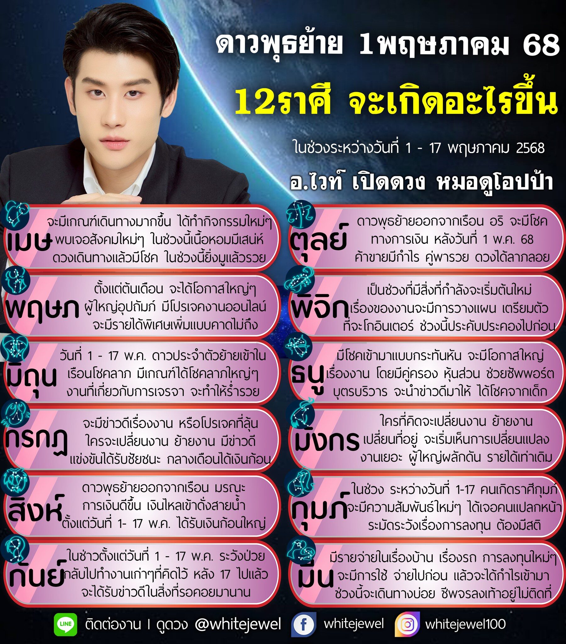 อ.ไวท์ เปิดดวง 12 ราศี ดาวพุธย้าย มีเกณฑ์ได้งานใหม่ โชคลาภจัดเต็ม เงินไหลเข้าดั่งสายน้ำ
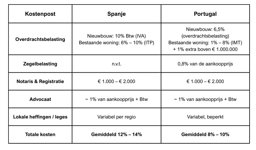 In Spanje ligt je totaal meestal rond de 12%–14% bovenop de koopsom, in Portugal is dat vaak 8%–10%. Dat zijn indicatieve percentages; de exacte kosten hangen af van de regio, het type woning en je persoonlijke situatie.
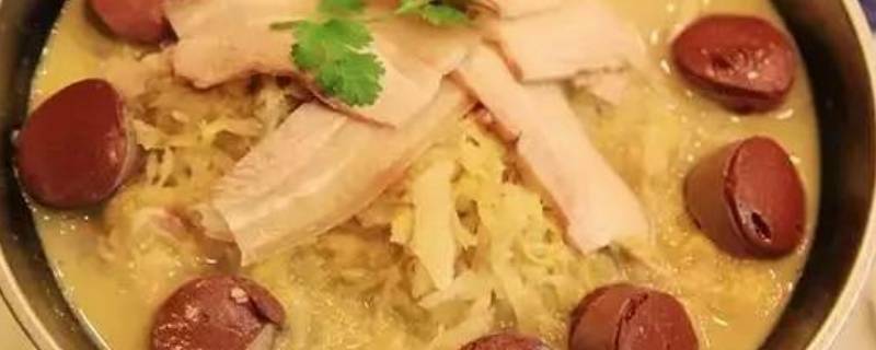1、酸菜血肠:把处理好的血肠和酸菜下到汤中,使血肠被酸菜吸收,只剩下香软的口感,被散发着特有香味的酸菜丝夹着出锅。

-- WORK INSTRUCTIONS --
Every line of the data above is to be set down word for word, with the pictures left out.

-- WRITTEN RESPONSE --
 อ.ไวท์ เปิดดวง 12 ราศี ดาวพุธย้าย มีเกณฑ์ได้งานใหม่ โชคลาภจัดเต็ม เงินไหลเข้าดั่งสายน้ำ
 In Spanje ligt je totaal meestal rond de 12%–14% bovenop de koopsom, in Portugal is dat vaak 8%–10%. Dat zijn indicatieve percentages; de exacte kosten hangen af van de regio, het type woning en je persoonlijke situatie.
1、酸菜血肠:把处理好的血肠和酸菜下到汤中,使血肠被酸菜吸收,只剩下香软的口感,被散发着特有香味的酸菜丝夹着出锅。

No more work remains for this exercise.